Assigned task:
Below this line is a listing that includes pictures. Copy exactly, and only, the lines from the one containing "Chuck It! Palla" through the one containing "Bold Central Pearl"; the pictures do not go in the copy.

(Provided entries Opens)

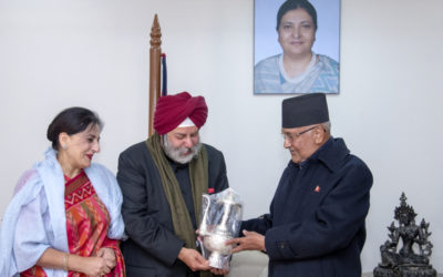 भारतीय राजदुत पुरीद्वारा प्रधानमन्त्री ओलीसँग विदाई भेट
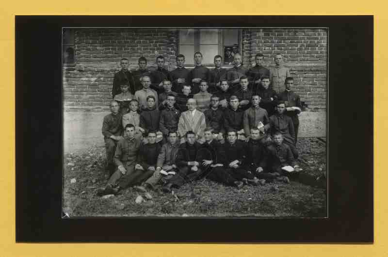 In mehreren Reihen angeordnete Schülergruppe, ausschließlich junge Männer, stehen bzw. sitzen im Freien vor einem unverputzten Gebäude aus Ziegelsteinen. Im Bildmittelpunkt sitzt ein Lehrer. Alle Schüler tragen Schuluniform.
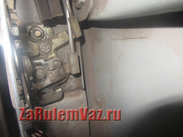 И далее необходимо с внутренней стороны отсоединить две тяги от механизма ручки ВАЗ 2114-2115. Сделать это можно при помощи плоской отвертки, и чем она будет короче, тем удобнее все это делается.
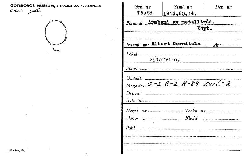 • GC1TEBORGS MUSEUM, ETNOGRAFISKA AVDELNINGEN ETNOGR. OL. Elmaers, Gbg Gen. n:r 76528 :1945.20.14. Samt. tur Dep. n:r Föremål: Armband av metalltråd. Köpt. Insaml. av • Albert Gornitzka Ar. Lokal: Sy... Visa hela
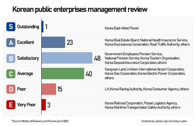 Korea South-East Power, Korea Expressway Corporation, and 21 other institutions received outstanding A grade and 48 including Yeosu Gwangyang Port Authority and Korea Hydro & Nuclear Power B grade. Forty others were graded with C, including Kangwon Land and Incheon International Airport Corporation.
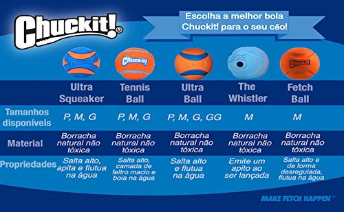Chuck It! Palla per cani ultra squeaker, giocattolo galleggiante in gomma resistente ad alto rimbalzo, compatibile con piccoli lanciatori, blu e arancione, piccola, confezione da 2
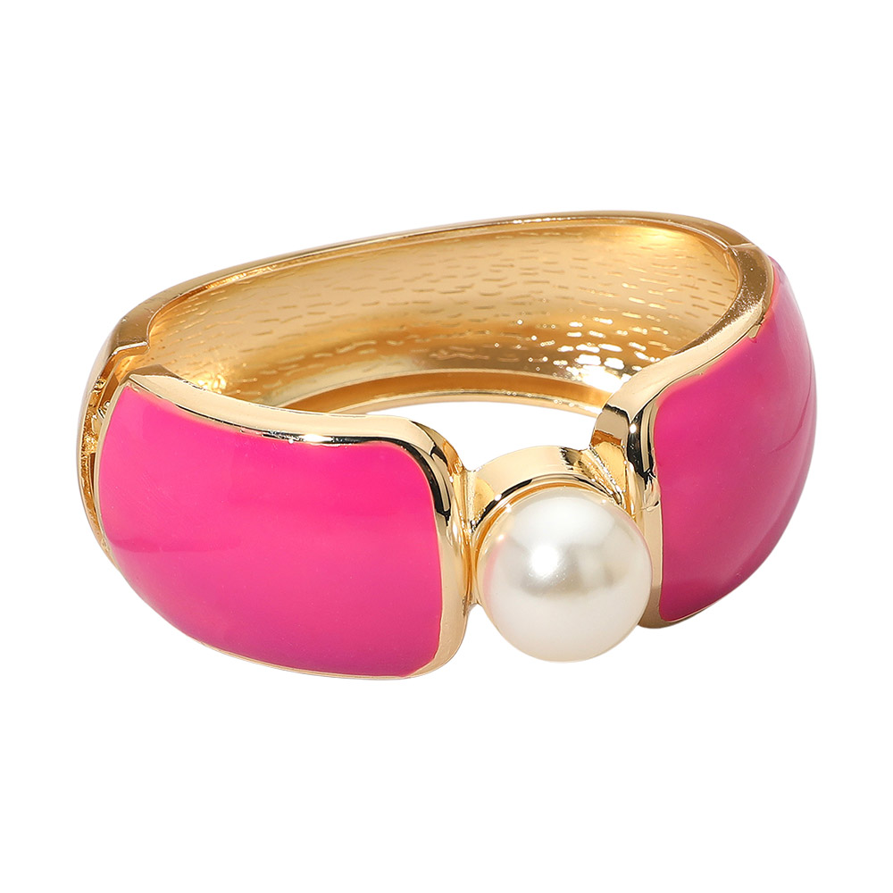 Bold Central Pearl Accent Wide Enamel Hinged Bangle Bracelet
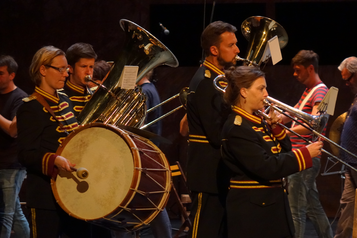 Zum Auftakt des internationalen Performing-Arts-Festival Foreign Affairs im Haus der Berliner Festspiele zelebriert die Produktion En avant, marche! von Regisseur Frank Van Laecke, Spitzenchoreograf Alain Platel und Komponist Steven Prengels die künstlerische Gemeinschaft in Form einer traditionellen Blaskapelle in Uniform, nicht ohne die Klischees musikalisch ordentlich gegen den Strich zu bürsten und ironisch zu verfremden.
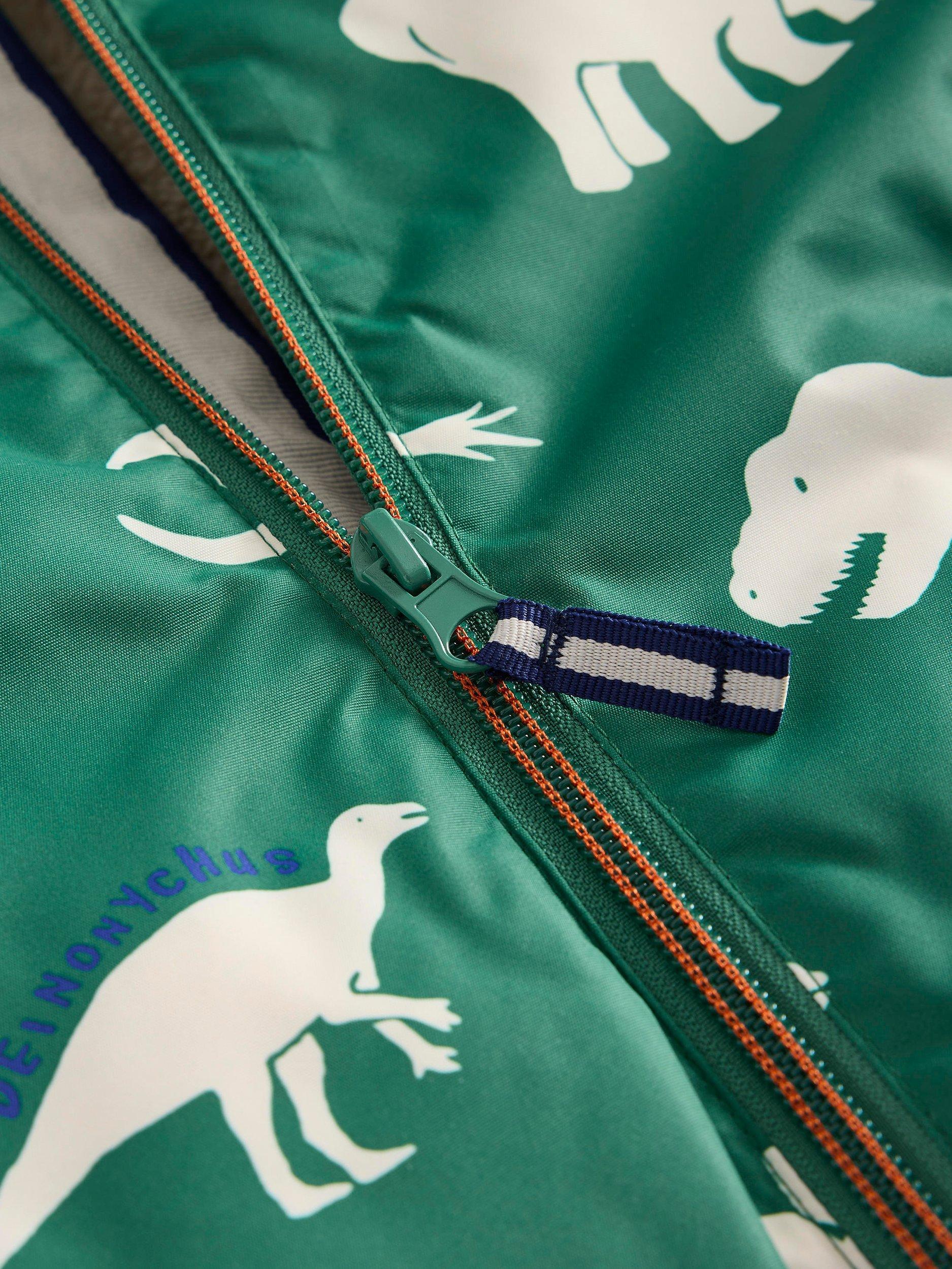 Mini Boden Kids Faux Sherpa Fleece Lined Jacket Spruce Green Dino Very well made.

(Provided entries Closes)

Answer section:
Chuck It! Palla per cani ultra squeaker, giocattolo galleggiante in gomma resistente ad alto rimbalzo, compatibile con piccoli lanciatori, blu e arancione, piccola, confezione da 2
 Bold Central Pearl Accent Wide Enamel Hinged Bangle Bracelet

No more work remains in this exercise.